Machine Learning: CS-Saturday

FSA 1702 – April 1, 2017


Competitive Search and Agents for Games – Minimax

Let's make agents to play deterministic zero-sum game.

Monte Carlo tree search is a non-deterministic extension of this approach.

Deterministic games have 'no excuses' (dice rolls, cards drawn etc). Only the players' moves determine the outcome of the game.

Game Trees and Zero-Sum

Game Tree

Vertices connected by edges. The vertex is a board state – the root node does not need to be the initial state.

'Edges' connect board states.

Players alternate is choosing which branches you go down. Edges don't branch in a deterministic game, but do in non-deterministic games. These are 'trees'.

The tree reaches all the way down until the state can no longer be changed (win/lose/draw state).

Zero-Sum Game

  • One player is always exactly balanced by the loss of another. Chess/Checkers/Connect 4

You can track how a game is going with a number. We can model one player as having to maximize a number and another as trying to minimize it.

Game victories to red, for example, have a value of 100. Game victories for blue have a value of -100. All draws have a value of 0. Red wants to maximize. Blue wants to minimize.

Non-Useful Algorithm

  • Function receives a game node
  • Evaluates how good that state is
  • Returns the move that leads to the state evaluated to be the best.

This transforms our problem. We take the question of 'how do we make a move' to 'how do we determine the best possible move?'

Minimax is how we are going to evaluate our moves. It's out evaluation function. This is a way of evaluating states.
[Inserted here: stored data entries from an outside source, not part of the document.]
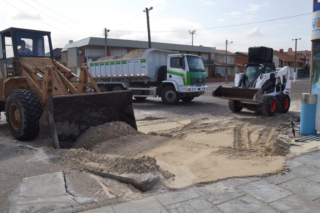 O trabalho consistiu na retirada da areia carregada pelos ventos. Caminhões, uma carregadeira e uma mini carregadeira foram utilizados para conclusão do serviço.
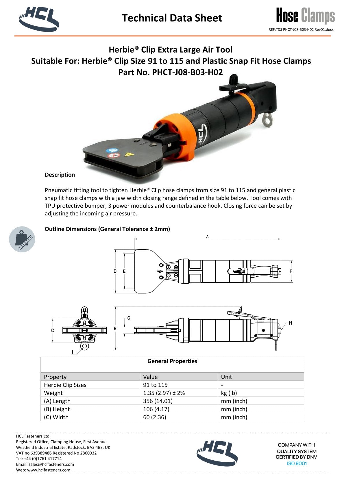 HCL Herbie Clip Hose Clamp Air Tool (Extra Large) - Heavy-Duty Pneumatic Crimping! Master the installation of extra-large Herbie Clips with the specialized HCL Herbie Clip Hose Clamp Air Tool (Part PHCT-J08-B03-H02). Engineered to deliver substantial pneumatic force, this tool guarantees a fast, consistent, and secure crimp on the largest double-tooth Herbie Clips in heavy-duty and industrial environments.
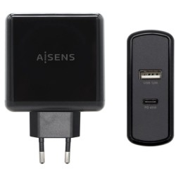 Cargador de Pared Aisens ASCH-2PD45A-BK/ 1xUSB Tipo-C/ 1x USB/ 57W
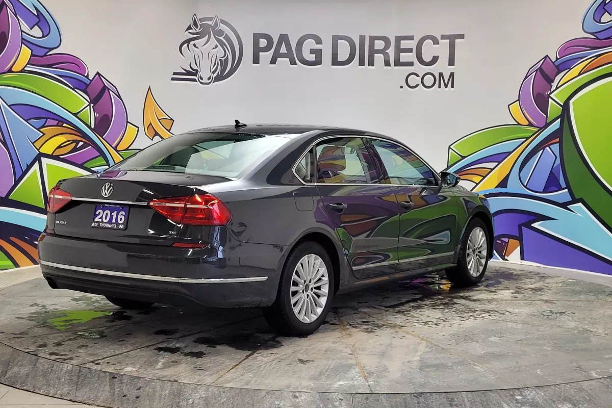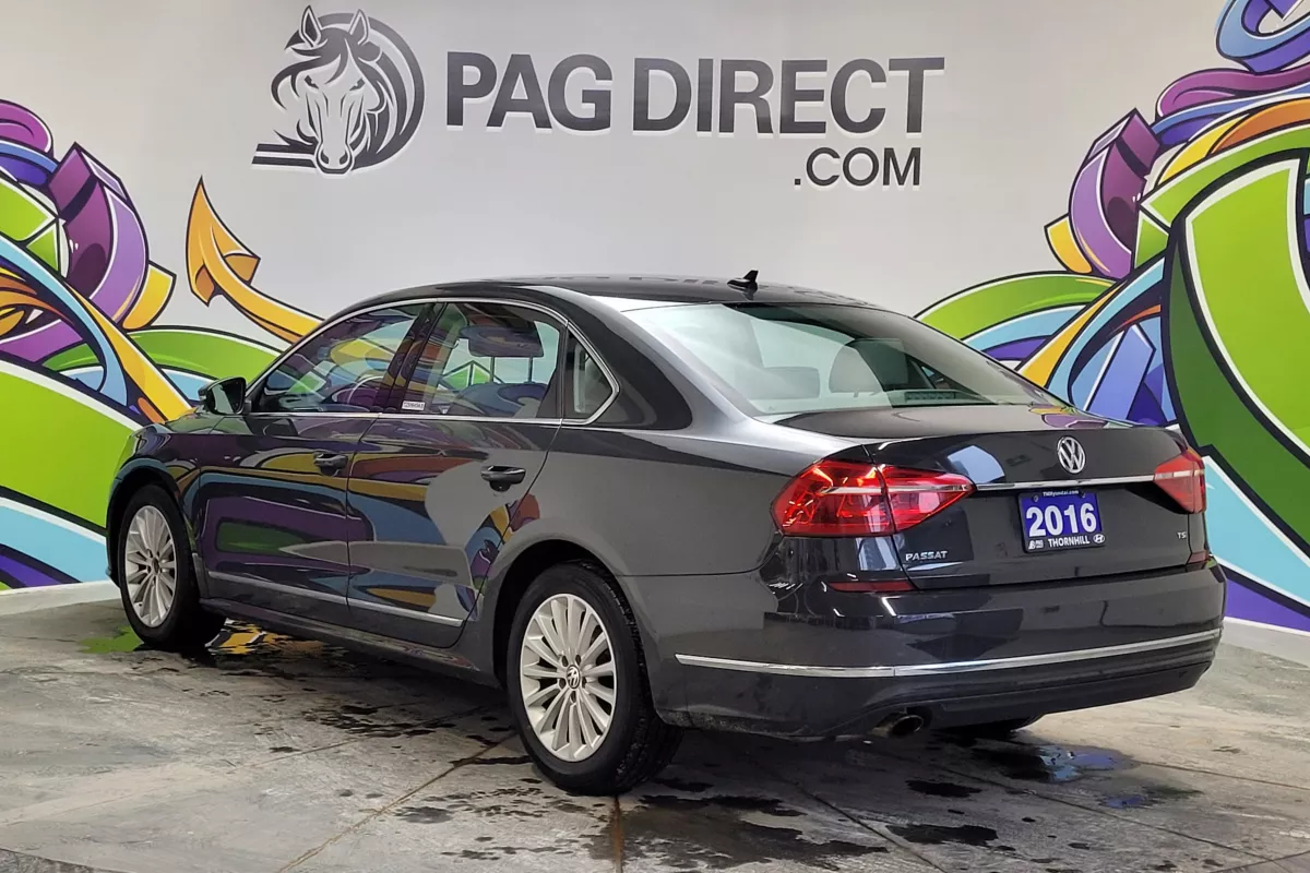 Comfortable, spacious, and engineered with classic German refinement, this 2016 Volkswagen Passat Comfortline is a midsize sedan designed to deliver a smooth, confident driving experience. With its roomy interior, efficient turbocharged engine, and well-balanced ride, the Passat is an excellent choice for commuting, long highway drives, or everyday family use. Inside, the cabin offers a clean and practical layout with heated front seats and a power-adjustable driver's seat, providing comfort and support in all seasons. Dual-zone automatic climate control allows both driver and passenger to maintain their preferred temperature settings, while the sunroof brings natural light into the cabin for a more open, airy feel. Technology is straightforward and user-friendly, featuring Bluetooth connectivity for hands-free calling and audio streaming, along with a factory backup camera to assist with parking and reversing. Physical buttons and controls keep operation simple and intuitive, making the system reliable and easy to use. Under the hood, the turbocharged 1.8L TSI engine is paired with a smooth automatic transmission, delivering responsive acceleration and strong fuel efficiency. With its composed handling, quiet ride, and generous rear-seat and trunk space, this Passat Comfortline offers a refined driving experience without sacrificing practicality.
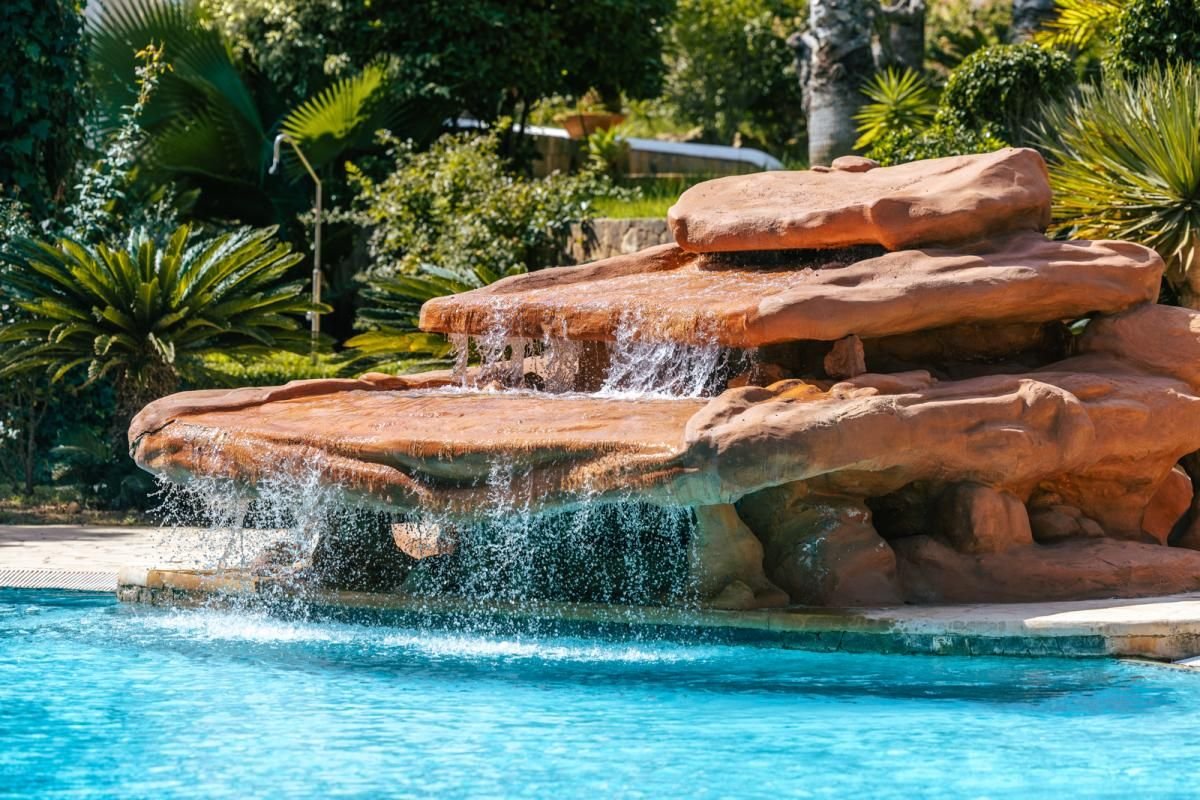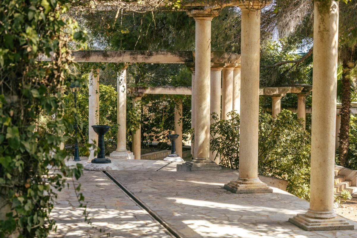 Die Villa öffnet sich zu ausgedehnten Terrassen mit Blick auf die Gärten, wo eine Treppe zu einem 385 m² großen Schwimmbecken mit Wasserfall, Gegenstromanlage und elegantem Grillbereich führt. Die Gärten sind sorgfältig gestaltet, mit Rastecken, Brunnen und einem kleinen Gemüsegarten mit Gemüse- und Obstbäumen.
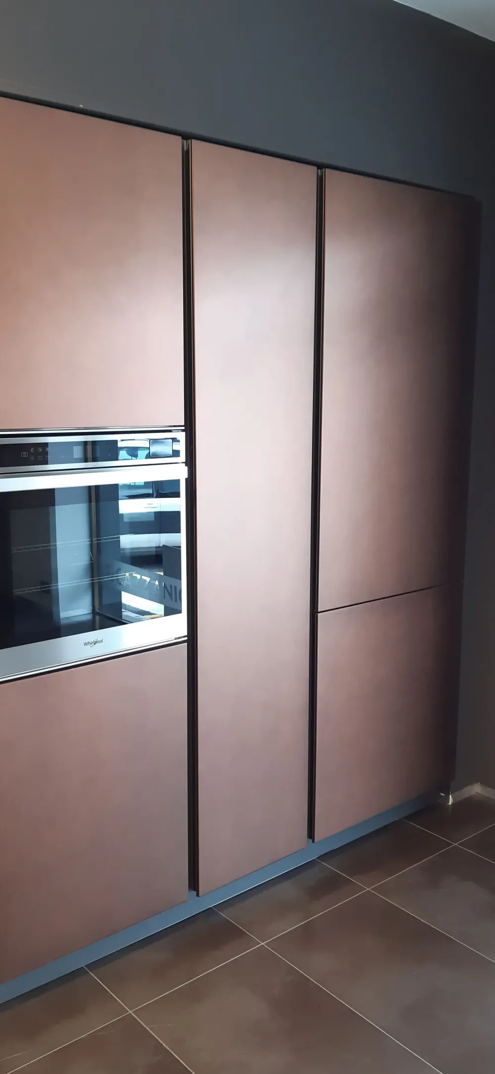 Le colonne dispensa sono dotate di illuminazione a LED, che non solo esalta la bellezza dei materiali, ma garantisce anche una visibilità ottimale all’interno degli spazi di stoccaggio. Gli interni in laminato antracite aggiungono un tocco di eleganza e resistenza, mentre le gole e lo zoccolo in metallo color moka shine completano il look con dettagli raffinati.
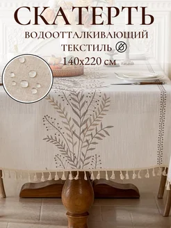 Скатерть водоотталкивающая тканевая с вышивкой 140х220 см
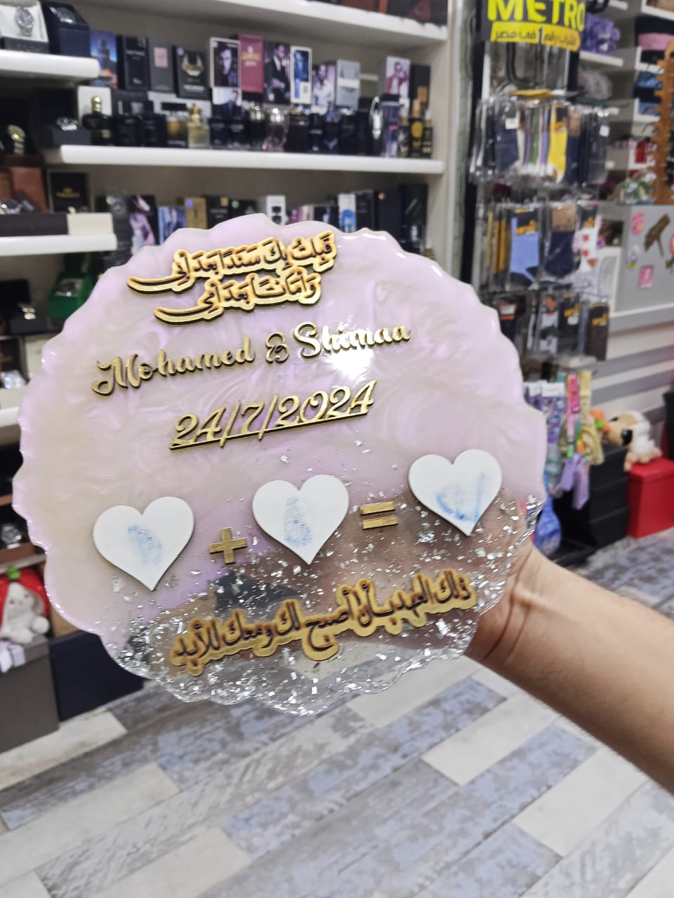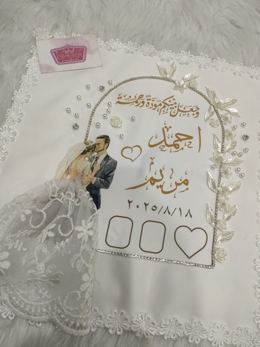 ومن التفاصيل الصغيرة اللي ليها تأثير كبير، هما دبابيس العروسة. القطع دي بتتعمل بالليزر، وعليها اسم العروسة أو كلمة زي "العروسة" أو "ملكة اليوم"، وتتوزع على الشنط، الكروت، أو حتى تتحط كجزء من الهدايا أو التجهيزات. حاجة بسيطة بس بتسيب انطباع جميل وبتفرّق في الصور.

Minimax is recursive, it returns a value for a board state. Returns a positive value if its better for maximizing or negative value if better for minimizing player.

Terminal nodes are our final states (a victory or not). The value of a node is the value of the most valuable child node (where terminal nodes have the highest/lowest value according to whether the player is maximizing or minimizing).

This can be applied to trees of arbitrary length.

The minimizer's move is aimed at the 'least valuable' child states. The maximizer's move is aimed at the 'most valuable' child states. We bubble up the values to determine our 'upstream' node values.

Minimax the algo:

  • takes an input node (state), returns value of the state
  • if game is over return 100 -100 or 0
  • if current mover is maximizing, value of state is value of most valuable child state

Branching Factor

b^d number of states Where b is breadth and d is depth.

Smaller branching factor:

  • Connect 4/Chess

Larger branching factor:

  • Go

We have to decrease either of B or D in our equation. Either we decrease the depth (how far we search), heuristic evalution.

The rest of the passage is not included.